BEGIN Data for processing
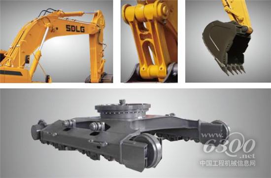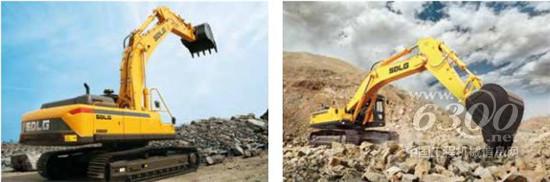 ♦ 选取重载型动臂、矿山专用的斗杆、加强型的上架、带重载防护底板的下架;
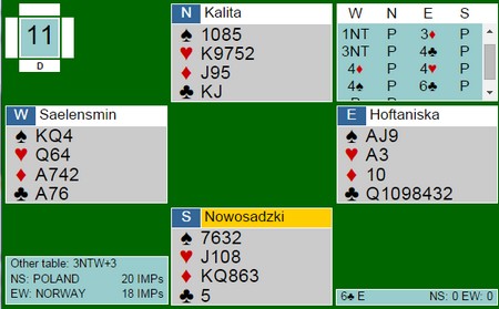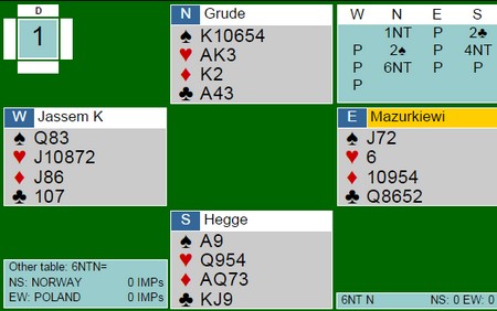 Hva så med slemmene i Polen? Under finner du de fleste av de store spillene og jeg synes det var mye bra. Ikke alle parene som var med er like samspilte, så det får være med i betraktiningen. Jeg er klar over at bridge i etterpåklokskapens lys er en lett øvelse, men det er også et faktum at over tid er de beste spillerne de beste. Også i slemsonen.
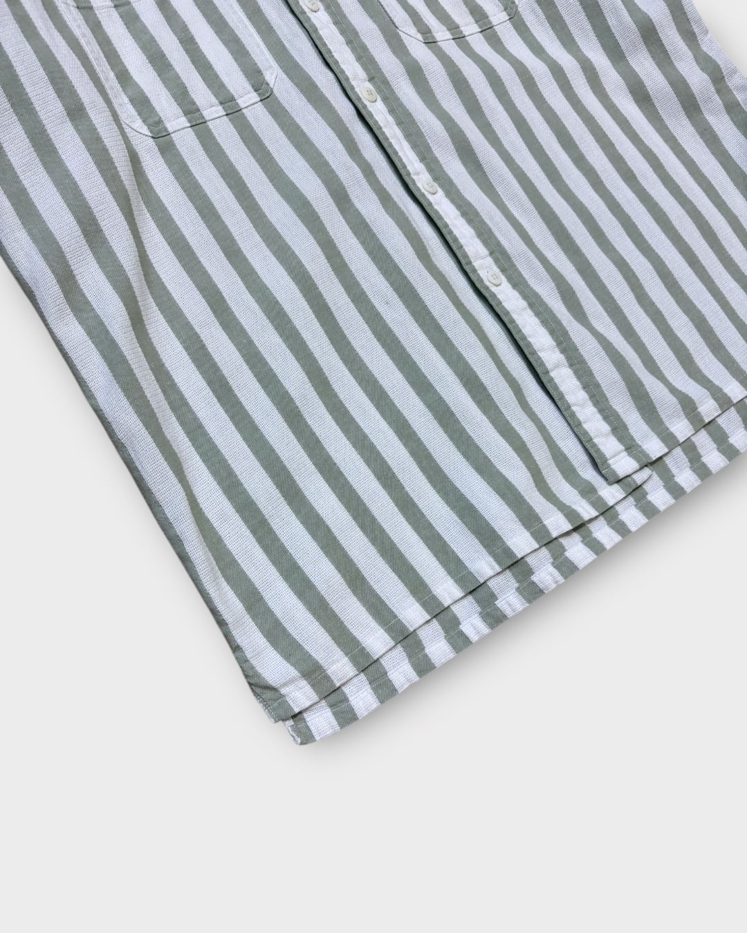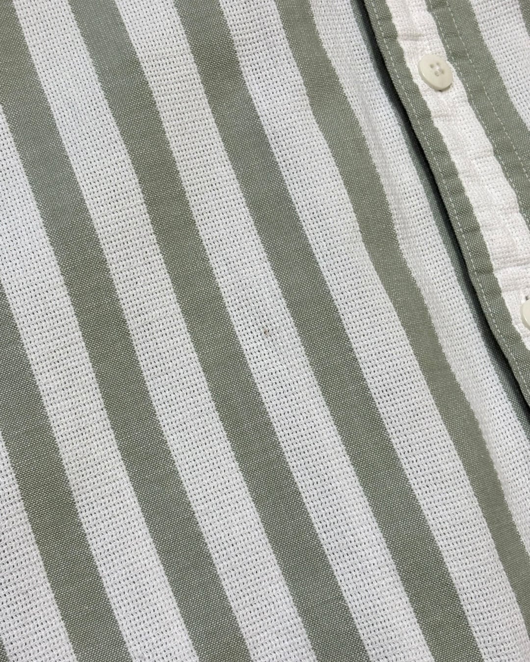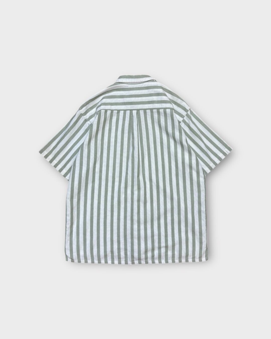 淡いカーキグリーンとホワイトのストライプが清涼感たっぷりで、春夏の装いにぴったりな1枚です。
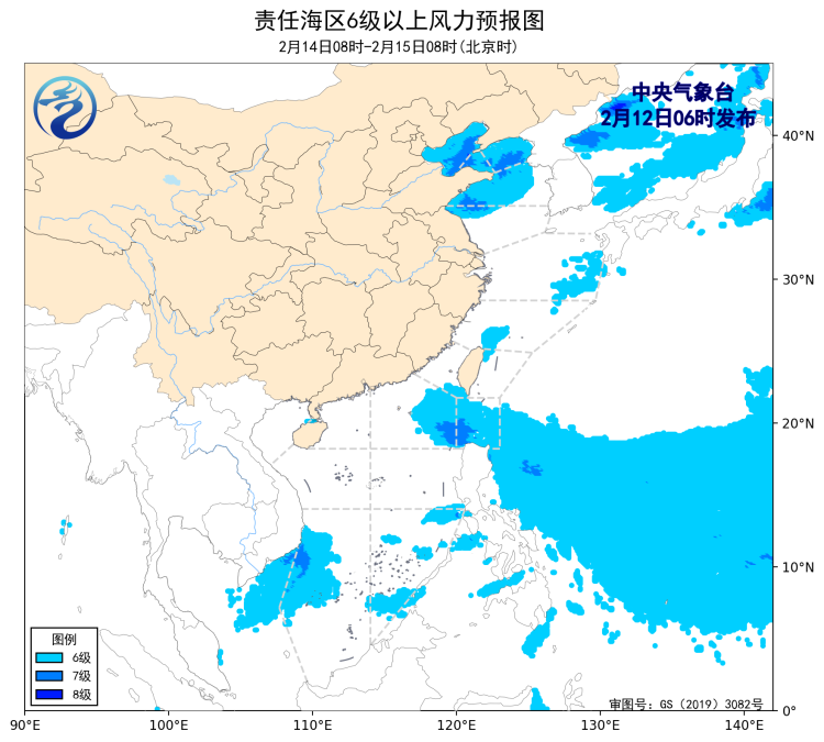 2月11日14時至12日02時,東海大部海域、台灣海峽、台灣以東洋面、南海東北部海域、南海西南部海域出現了5~6級、陣風7級的東北風或偏北風,巴士海峽出現了5~6級、陣風7級的偏東風。
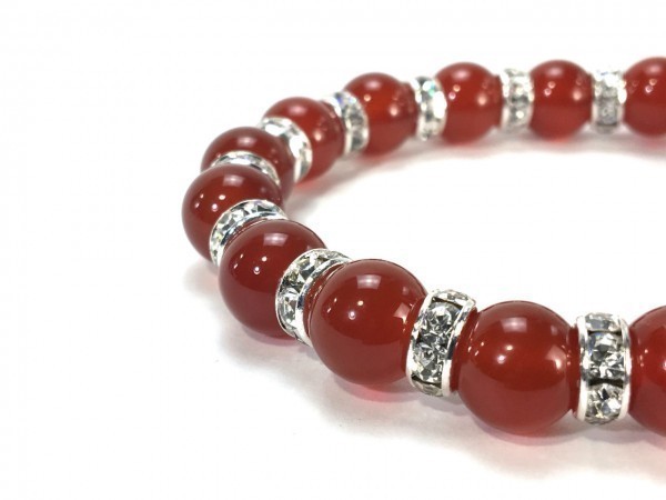 こちらは、10mm玉の赤瑪瑙を使用したパワーストーンブレスレットです。間にはロンデルを挟み高級感あるブレスレットに仕上げています。石大きさは腕にも馴染みやすいように10mm玉を使用して、サイズは内径約18cmです。(サイズ調節も無料で承っています。サイズ変更の場合は落札後、取引ナビにてご一報くださいませ。) 数に限りがございますので気になる方はお早めにどうぞ。
END Data for processing
Repeat the line containing "2月11日14時至12日02" and every line after it up to the end of the material above, exactly as they stand, minus the pictures.

Exercise response:
 2月11日14時至12日02時,東海大部海域、台灣海峽、台灣以東洋面、南海東北部海域、南海西南部海域出現了5~6級、陣風7級的東北風或偏北風,巴士海峽出現了5~6級、陣風7級的偏東風。
 こちらは、10mm玉の赤瑪瑙を使用したパワーストーンブレスレットです。間にはロンデルを挟み高級感あるブレスレットに仕上げています。石大きさは腕にも馴染みやすいように10mm玉を使用して、サイズは内径約18cmです。(サイズ調節も無料で承っています。サイズ変更の場合は落札後、取引ナビにてご一報くださいませ。) 数に限りがございますので気になる方はお早めにどうぞ。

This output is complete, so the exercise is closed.